O'Donoghue/Ross' sculpture Capall Mór, part of "The Sculpture Road to Killarney" inspired the book By the Way, a Selection of Public Art in Ireland by Ann Lane. "The 'Capall Mor' is the piece that got me hooked in the beginning," she said. "I thought it was absolutely magnificent and I wanted to see more.". Locals have dubbed O'Donoghue/Ross' collection of roadside sculptures as "The Eighth Wonder of the World."

A bronze of St Brendan the Navigator was commissioned and funded by the Brendan Project in Fenit, County Kerry. It was officially dedicated by Bishop Murphy in September 2004, with the crowd standing against force 9 winds, much as the sculpture depicts the Saint.

===Paintings===
O'Donoghue/Ross favours oil painting for the depth and richness of colour. His work is inspired by the Old Masters and glazing as well as the scumbling technique which results in a wonderful subtlety of surface.

"He sees paintings as capable of very deep communication...starting a process...creating images that the artist himself is not conscious of. His paintings can evoke some deeper realization of what we have in common."

===Stained glass===
O’Donoghue/Ross was introduced to stained glass when commissioned to create windows for St Joseph’s Church in Fenit, County Kerry. Since then, he has received private commissions. Among his works are a pair of windows in St Mary’s Cathedral in Killarney, titled Dawn and Dusk, which include the inscriptions “Why is there Anything” and “Instead of Nothing” at the bottom of the panels.

The brochure produced by the Diocese of Kerry suggests 'The painted stained glass windows are a gateway, a portal into the light, a way of entering into a mood of meditation. They seek to invoke a feeling of mystery, or present an enigma and a profound experience of light and shade and colour.'

==Collections==
O'Donoghue/Ross is represented in public and private collections around the world. Some of them include the Bibliotheque Nationale de France; the Brooklyn Museum; Dublin City Gallery The Hugh Lane; Kerry County Council; Utah Museum of Fine Arts; Smithsonian American Art Museum; and the Victoria and Albert Museum.

==Why Is There Anything Instead Of Nothing==
A feature-length documentary film – Why Is There Anything Instead Of Nothing – about O’Donoghue/Ross and his family was produced by Patrick O’Shea and Southernman Films, completed in May 2017. Starline Entertainment originally contracted for worldwide distribution rights to the film in July that year. Shortly after signing, Variety, reported on Starline's representation.
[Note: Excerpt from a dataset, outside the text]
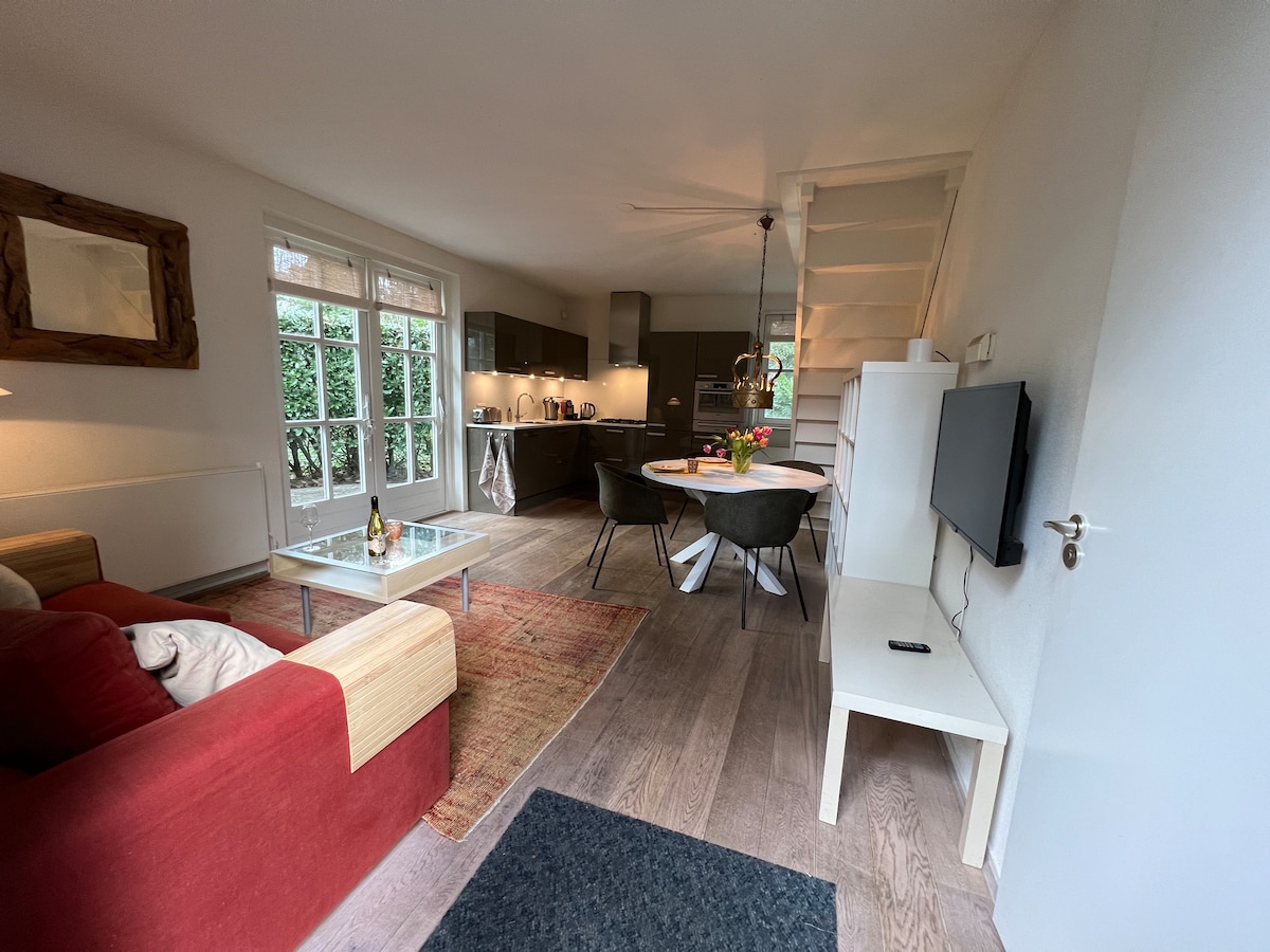 Cozy & stylish cottage in Oisterwijk – enjoy peace and nature Cozy cottage, located in a quiet park in the beautiful Oisterwijk. Charming accommodation furnished with care and combines vintage furniture with natural tones for a warm and homely atmosphere. Lots of light through large windows and a cozy dining and sitting area. Private parking, separate garden, fully equipped kitchen (combi microwave) and smart TV. Located between Oisterwijk forests and fens. Lovely hiking/ cycling.

The following month, The Times of London featured an article about the film. Southernman Films now makes it publicly available at Why is there anything instead of nothing - Arts Feature Doc Full Film

==Reviews==
"The subtleties and oddities of O'Donohue's combination of disparate elements bear considerable study. His art is rewarding, as all good art is, in accord with what the viewer brings to it."

"O'Donoghue has made his mark on the world of Irish art...presented with the panache of a skilled technician."

"All Tighe's paintings have a powerful symbolism, a meaning far beyond the themes that inspire them. When he depicts figures they are mythological, creations of his own psychological landscape...

ARTS Magazine described Tighe O'Donoghue/Ross as a visionary artist in the tradition of William Blake and the American artist, Albert Pinkham Ryder, but the wellspring of Tighe's creativity is unique..."The term 'visionary' is entirely accurate in so far as Tighe creates fantastic worlds of his own which reflect not what is but what might be, behind the veil of the reality that we normally experience."

"O'Donohue unabashedly likes being tied to a narrative; having a "thread to hold onto" is a spur to his creativity.